(Data in this exercise Opens)

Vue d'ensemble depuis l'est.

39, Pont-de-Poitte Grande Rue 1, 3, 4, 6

(Data in this exercise Closes)
(Data in this exercise Opens)

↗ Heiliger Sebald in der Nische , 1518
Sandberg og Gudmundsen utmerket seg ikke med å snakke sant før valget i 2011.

(Data in this exercise Closes)
(Data in this exercise Opens)

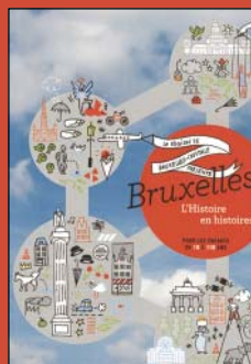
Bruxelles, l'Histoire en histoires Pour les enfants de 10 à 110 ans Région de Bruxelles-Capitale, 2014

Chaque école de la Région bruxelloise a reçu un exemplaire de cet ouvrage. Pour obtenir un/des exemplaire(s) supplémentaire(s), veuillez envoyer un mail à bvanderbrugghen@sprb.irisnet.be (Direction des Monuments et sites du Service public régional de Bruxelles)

(Data in this exercise Closes)

Exercise requirements
Given the records above, return exactly the lines starting at the line containing "Vue d'ensemble depuis l'est." and ending at the line containing "39, Pont-de-Poitte Grande Rue 1, 3, 4, 6", including both.

Task answer
Vue d'ensemble depuis l'est.

39, Pont-de-Poitte Grande Rue 1, 3, 4, 6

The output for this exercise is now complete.